Mo Coppoletta sees a connection between his work as a tattoo artist and the craft of watchmaking. “What they have in common is the extreme precision of your work and the extreme attention to detail,” he says. “There’s no way to cheat and there’s no way to take shortcuts.”

His interest in watches took off while he was having lunch with his parents in Italy in 2006. Reading a report from the then Salon International de la Haute Horlogerie trade show, the launch of Jaeger-LeCoultre’s Reverso Squadra caught his attention. “From that day, it was watches 24 hours a day,” says Coppoletta, who opened London parlour, The Family Business Tattoo, in 2003.

His passion has led him to apply the art of tattooing to timepieces through commercial collaborations with Bulgari and Romain Jerome via his Coppoletta Designs business. He has also built a “pretty eclectic” collection comprising 20 “significant” watches.

1. De Bethune DB25 Starry Sky special order (2010)

De Bethune DB25 Starry Sky
© Charlie Bibby/FT

A De Bethune fan, Coppoletta was drawn to this watch by the “inventive” treatment of titanium — by blueing it — and its representation of the night sky. “Being a complete devotee of everything celestial, dreamy and romantic, I thought it was the most beautiful thing I’d ever seen,” he says.

Offered the chance by the Swiss independent manufacturer to choose the constellation depicted, he chose the one for the day he was born. He now always wears the watch on his July birthday.

The stars are individual spheres of white gold drilled into the dial. “Every time the light hits the watch in a different way, the stars reveal themselves, or they disappear beyond the nebula [an effect created by the treatment of the titanium],” he says.

2. Jaeger-LeCoultre Duomètre à Quantième Lunaire (2011)

Jaeger-LeCoultre Duomètre à Quantième Lunaire
© Charlie Bibby/FT

A birthday present to himself, Coppoletta says the “beautiful” white gold piece with black dial is one of a limited edition of 200. “This is a watch for connoisseurs because it’s very philosophical but very technical too,” he adds.

The movement has two barrels. One powers the indications — hour, minute, seconds, 1/sixth of a second, moon phase and date — and the other the escapement. “It’s a very clever watch because dedicating one barrel to the escapement will guarantee incredible accuracy,” says Coppoletta. “For watch geeks, it’s a feast.”

3. Patek Philippe 5070J (c2000)

Patek Philippe 5070J
© Charlie Bibby/FT

The Reference 5070 was a model Coppoletta had always found “extremely charming” due to its oversized case and he “couldn’t resist” this yellow gold and black version when he came across it in Italy last year. “It’s the ultimate example of how beautiful a chronograph can be, even though I’m not a chronograph guy,” he says.

He finds the colour combination “opulent yet refined”. “I don’t have very subdued watches,” says the self-confessed maximalist. “I always have watches that stand out.”

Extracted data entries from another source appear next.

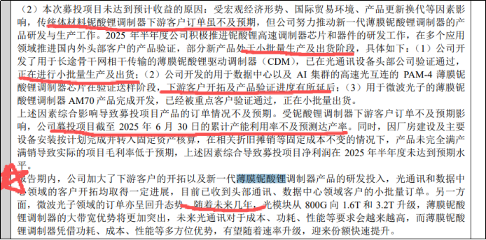 市场预期归市场预期,从半年报公司对2020年定增7.1亿(实际6.97亿)募投项目说明中,披露了薄膜铌酸锂调制器等产品的出货情况,目前只是小批量生产和出货,结合当前中下游对400G、800G和1.6T的需求迭代来看,把公司阐述翻译过来就是:目前产能利用率不及预期是因为市场对超高速光连接的需求还在初期,未来会很强劲。看来薄膜铌酸锂需求放量还需要时间验证,而对于现在的炒作还是仁者见仁智者见智了。
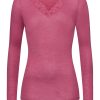 The Woolen 3/4 sleeve shirt is tailored from a soft Merino Wool and silk blend for luxurious warmth and comfort. This finely ribbed shirt is adorned with delicate and flat Jacquardtronic ribbon lace around the V-neck and sleeves. Besides wearing for warmth, this shirt is perfect for layering or to sleep. It pairs beautifully with the Woolen Lace boyleg or legging for the perfect set.
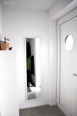 Der Flur erhielt als Willkommensgruß einen grauen Baumwollteppich mit Holztischchen darauf, für immer frische Blumen.
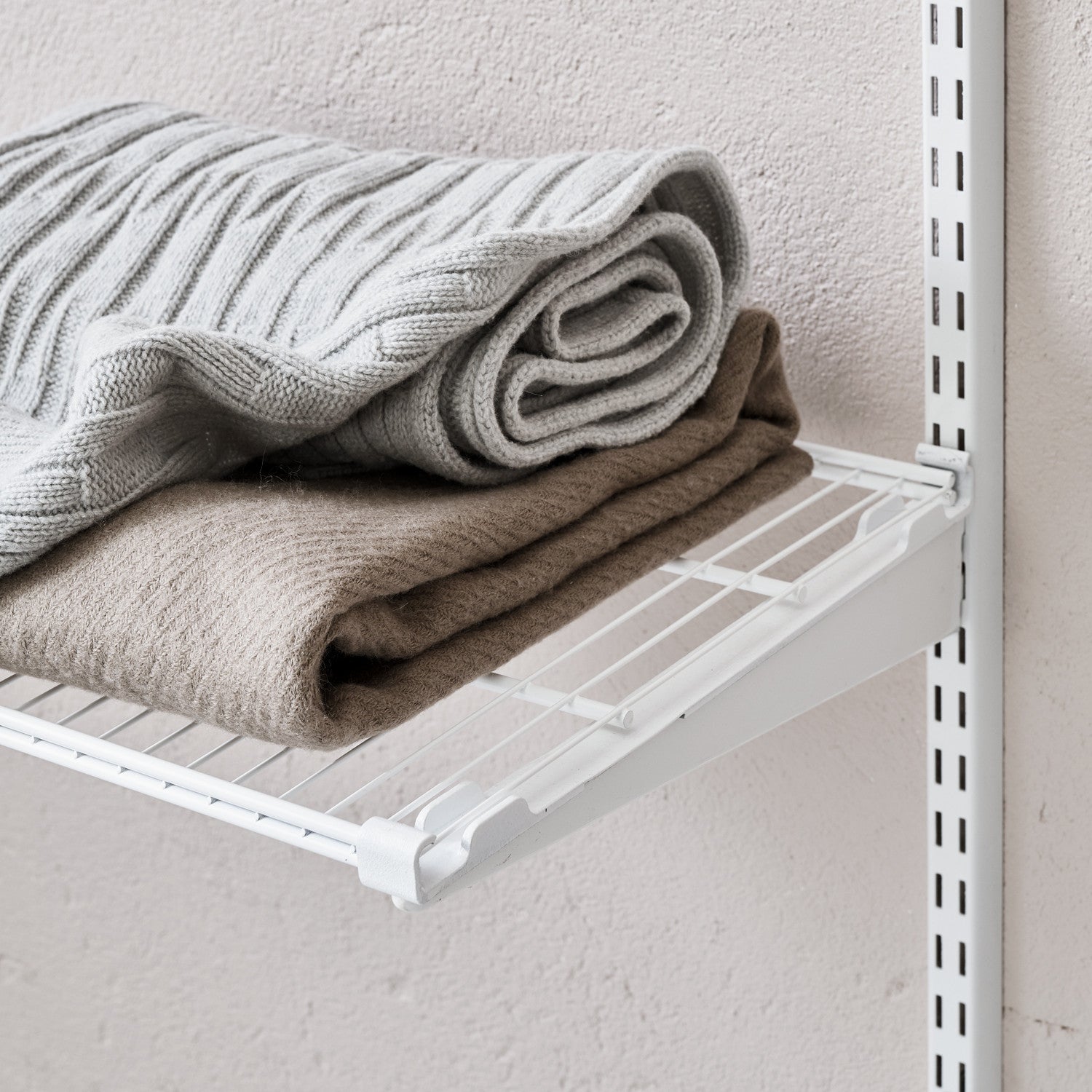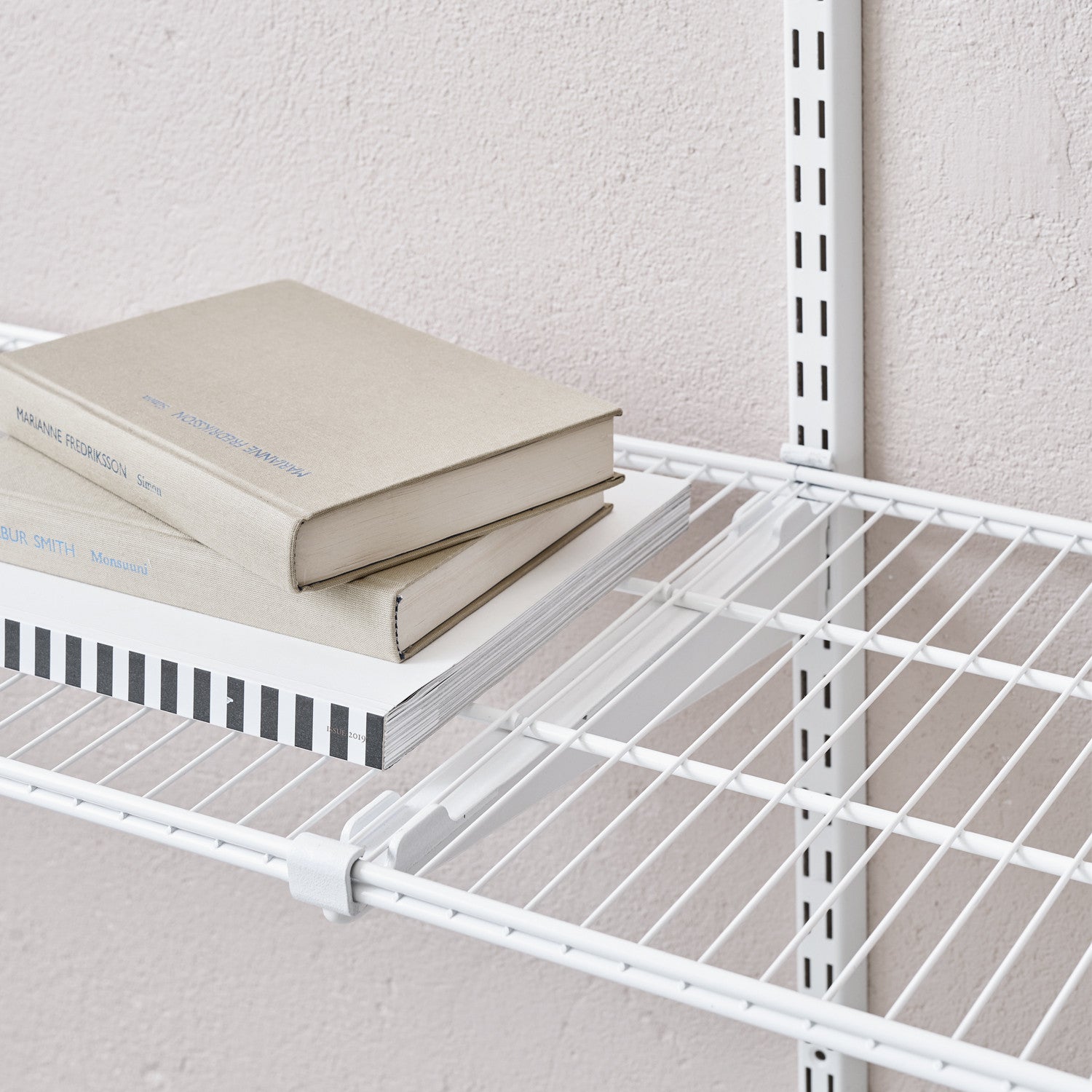 Lankahylly asennetaan hyllynkannattimeen asennuslistan avulla. Huomaathan, että asennuslista ja kannakkeet myydään erikseen. Yhden lankahyllyn asennukseen tarvitset 2 kpl asennuslistoja (asennettaessa lankahyllyjä vierekkäin, voidaan samaan asennuslistaan kiinnittää kaksi hyllyä).
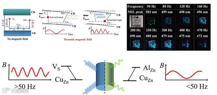 香港理工大学郝建华教授团队早期首次在稀土掺杂铁电薄膜中观察到电场调控光致发光现象(Angew. Chem. Int. Ed., 2011, 50, 6876)以及压电晶体耦合的ZnS:Mn薄膜发光(Adv. Mater., 2012, 24, 1729)。以此为基础,郝建华教授团队近年在多篇综述文章(Adv. Opt. Mater., 2015, 3, 431;Chem. Soc. Rev., 2015, 44, 1585;Adv. Funct. Mater., 2016, 26, 6330)中,提出了突破传统化学方法的物理手段(电场、力、磁场等)原位动态可逆的发光调制想法和策略。在这篇最新发表论文中(Adv. Mater., 2017, 29, 1701945),他们采用动态磁场激发调控压电发光复合材料的能带结构和电荷载流子的陷阱深度,成功地实现非接触调控发射ZnS:Al,Cu荧光体的峰值波长和颜色。在低调制频率交变磁场作用下,诱导较深的电荷陷阱,导致ZnS荧光体在503 nm处绿光发射。随着磁场调制频率的增加,较浅的电荷陷阱可被触发和电离,导致472 nm处蓝光的发射强度增加。此外,通过与YAG:Ce和(Ca1-xSrx)S:Eu长余辉荧光粉的光子能量耦合,实现了RGB三基色和色温可变的白光发光和调控。该研究不仅对发光机制提供了新的认识和理解,而且对磁光学传感、压电光子学、能量收集器件、无损环境监测、新型光源和显示技术等领域的应用和发展具有重要的借鉴参考价值。
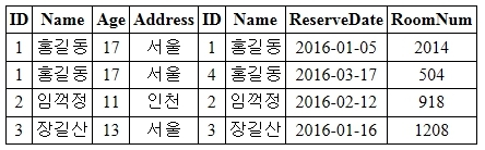 하지만 두 개의 Name 값이 일치하지 않는 경우에는 Reservation 테이블의 모든 필드를 NULL로 표시됩니다.
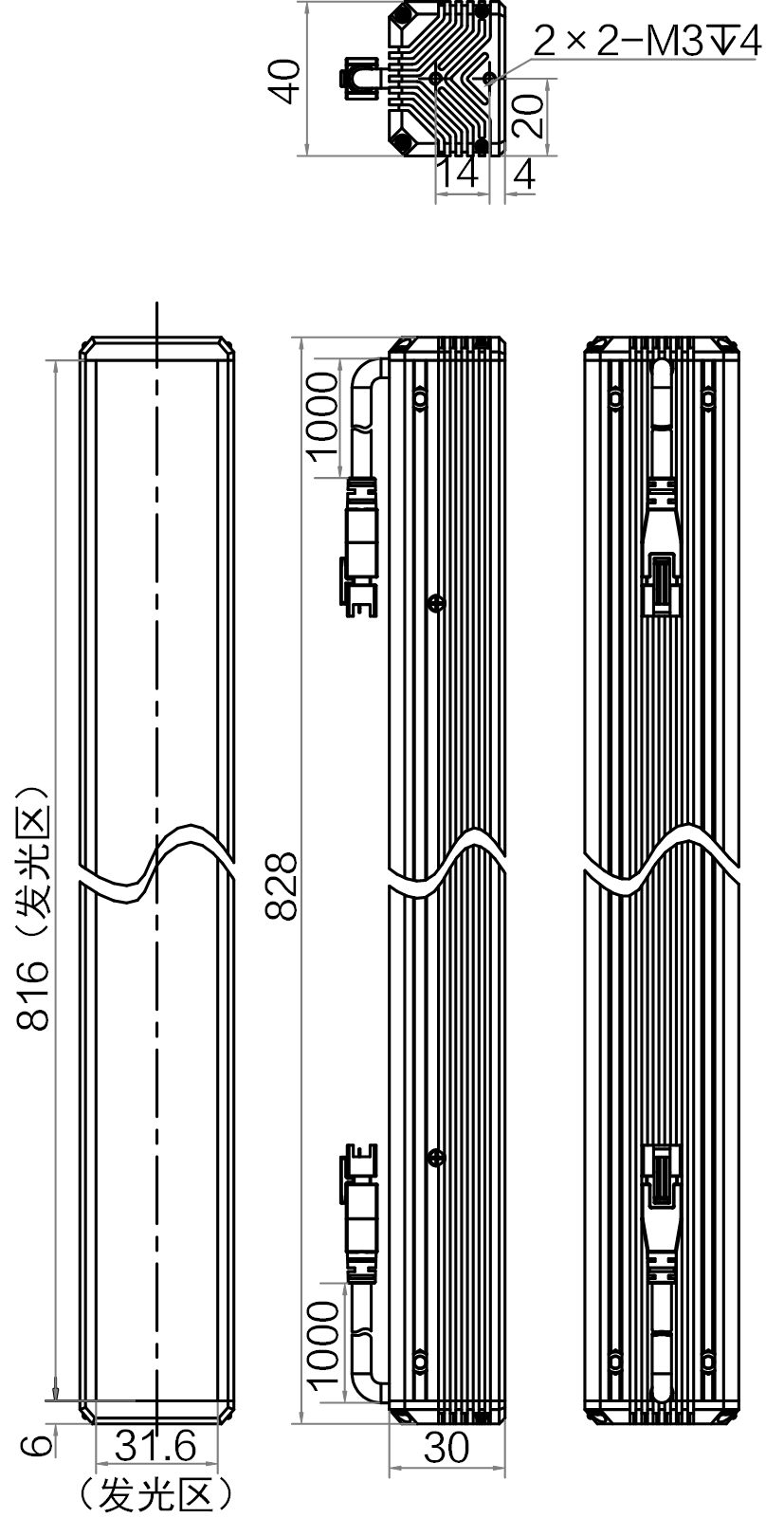 | 发光区尺寸 | 816 mm × 31.6 mm | |
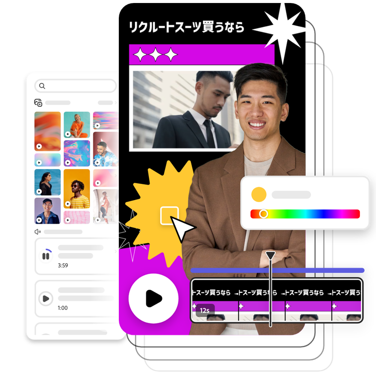 Adobe Expressのオンライン動画編集機能があれば、目を引く動画を作るのに必要なものがすべて手に入ります。静止画像と動画を組み合わせて一本の動画にすれば、視聴者の目を引く方法でビジネス、製品、またはサービスをアピールできます。プロジェクトに好きなだけ動画をアップロードし、カットして短くしましょう。また、おすすめのフォントも提案されますので、メッセージをスタイリッシュに伝えられます。
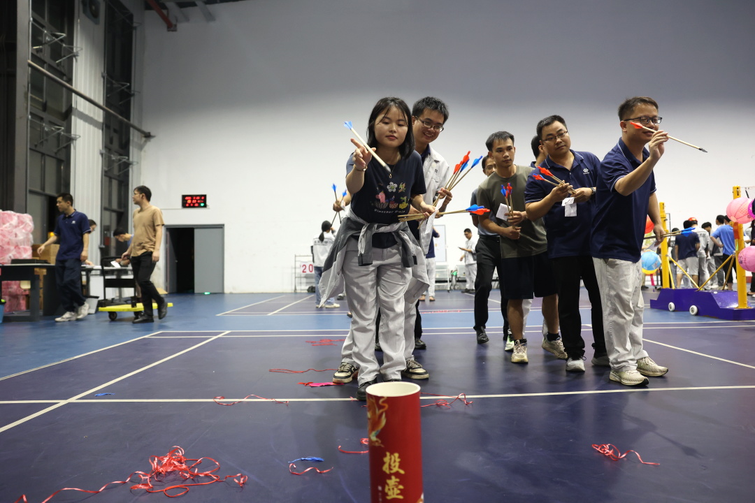 活動(dòng)現(xiàn)場(chǎng),員工們手持游戲卡,穿梭于各個(gè)項(xiàng)目之間,或凝神思考,或精準(zhǔn)投擲,或活力碰撞,加油聲、喝彩聲、歡笑聲匯成一片,將現(xiàn)場(chǎng)氣氛不斷推向高潮。

The watch had been on the wish list Coppoletta stores on his phone — a list that “gets enriched” regularly. Wishes yet to be fulfilled include a Girard-Perregaux Tourbillon with Three Gold Bridges.

4. Cartier Tank Cintrée pièce unique (2018)

Cartier Tank Cintrée
© Charlie Bibby/FT

A watch does not make it on to Coppoletta’s list unless the aesthetic appeals to him. He says the Tank Cintrée is “the most elegant, cool watch that one could wish for” and epitomises the 1920s, when the model was originally released. “I’m a big fan of art deco for many of my designs or decoration,” he says.

Coppoletta and his friend Wei Koh, founder of Revolution watch magazine, commissioned custom versions from Cartier. The tattoo artist’s “mesmerising” piece is in platinum, which he thinks is “the king of materials” for a dress watch, with burgundy Roman numerals and a ruby cabochon on the crown.

5. Vacheron Constantin Historiques American 1921 (2009)

Vacheron Constantin Historiques American
© Charlie Bibby/FT

Another modern piece that reinterprets a model first released in 1921, Coppoletta’s driving watch has a dial tilted to the right so it can be read while at the wheel. He wears it while driving his 1966 Jaguar E-type convertible near his Lake Garda home, with the rose gold finish complementing the car’s “lush red” interiors.

Coppoletta enjoys classic cars but collects modern watches. He says vintage watch collecting requires “an enormous amount of knowledge” and that, while he loves vintage references, not everything has to be original. “I take inspiration from the past [in my designs] . . . so that’s why I think some of the modern interpretations of old designs strike me more than the original.”

He says there has been a “major trend” for pocket watch tattoos in the past seven years because of their “symbolic power” in relation to the passing of time and transience of life.

He has also received specific requests from people in the watch industry for tattoos of De Bethune’s delta-shaped bridge and FP Journe’s tourbillon movement.

“I haven’t done those yet,” he says. “I don’t think it suits my style much — they’re very fiddly — but you never know.”